Yep she is coming and man she is ready I think more then me.


----------



## RCaughman (Mar 2, 2010)

*obama's first cousin*



14 KING said:


> I will be therr shooting open B. Won out of open c in gainesville!


What an avitar


----------



## hound dog (Mar 2, 2010)

badcompany said:


> Heck they dont shoot real stuff do they?



Yep


----------



## kerbow01 (Mar 2, 2010)

hopefullly i can pull off another high finish so i can talk my dad into takin me to texas to keep up soy points lol


----------



## t8ter (Mar 4, 2010)

d-9 sat be there for the team shoot fri.


----------



## hound dog (Mar 4, 2010)

RAC is pulling out in the am and ready to go.


----------



## 12ptsteve (Mar 4, 2010)

dwayne,blake,mark lovett and i are leaving at 6:00 in the morn and about 10 others from 12 point will be there


----------



## Hunterrs (Mar 4, 2010)

Me, the boy and Big John are leaving around 8 in the morning.


----------



## stuffer (Mar 4, 2010)

me steve billy & leard are leaving at 5 am


----------



## hound dog (Mar 4, 2010)

Man it"s looks like a good crowd from GA.


----------



## hound dog (Mar 5, 2010)

I'm up and ready to get it on. See yall there.


----------



## Big John (Mar 5, 2010)

ok then


----------



## Archery Mom (Mar 5, 2010)

travel safe and let us all know how everyone is doing... we are cheering you all on, but a special cheer for Kailey and Blake... shootem straight....


----------



## alligood729 (Mar 5, 2010)

Out the door! Everybody drive safely!!!


----------



## watermedic (Mar 5, 2010)

My buddy doen't get off of work until 5 or so.

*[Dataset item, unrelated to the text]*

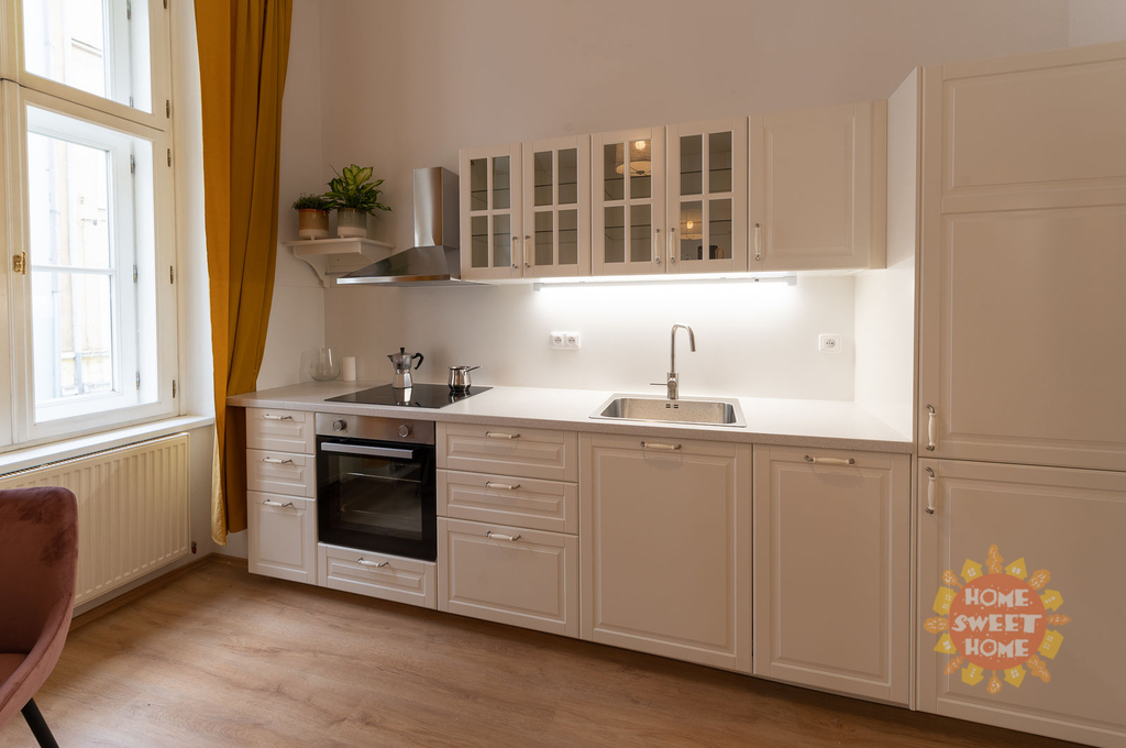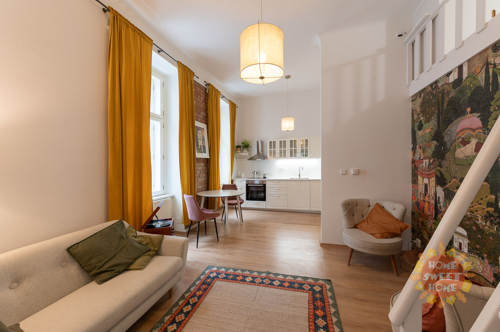 Nabízíme k pronájmu plně vybavený byt 2+kk o celkové rozloze 56m2, který se nachází v prvním patře cihlového domu s výtahem v ulici Mikovcova, Praha - Vinohrady. Byt je po kompletní rekonstrukci a je moderně vybavený. Byt sestává z chodby, obývacího pokoje s kuchyňskou linkou a patrem na spaní, jednou ložnicí, koupelnou s vanou, pračkou a zvlášť toaletou. Kuchyňská linka je plně vybavena elektrickými spotřebiči: varná deska, horkovzdušná trouba, digestoř, myčka, lednice s mrazničkou. Byt se nachází pouze 200m od tramvajové zastávka a stanice metra linky C - I.P.Pavlova, výborné napojení na Městský okruh. Pouze 5 min. chůze na Václavské náměstí. V okolí naleznete kompletní občanskou vybavenost: kavárny, restaurace, obchody, pošta, 1.lékařská fakulta UK, divadlo na Vinohradech, Národní muzeum, Státní opera, Riegrovy sady, farmářské trhy a mnoho dalšího.

I guess we will leave around 6. See ya there!!

Chuck


----------



## Larry Rooks (Mar 5, 2010)

I'L  there Saturday, want be shooting but visiting the crowd.  Can't shoot for while, probably be July before I'm 
able to draw a bow again but I will be there to visit and
enjoy the crowds and old friends


----------



## rank bull (Mar 5, 2010)

i am ready got my pay check this mornin which was more than i was thought it was goin to be s which is always good i will there bright and early tomorrow mornin good luck to every one from ga


----------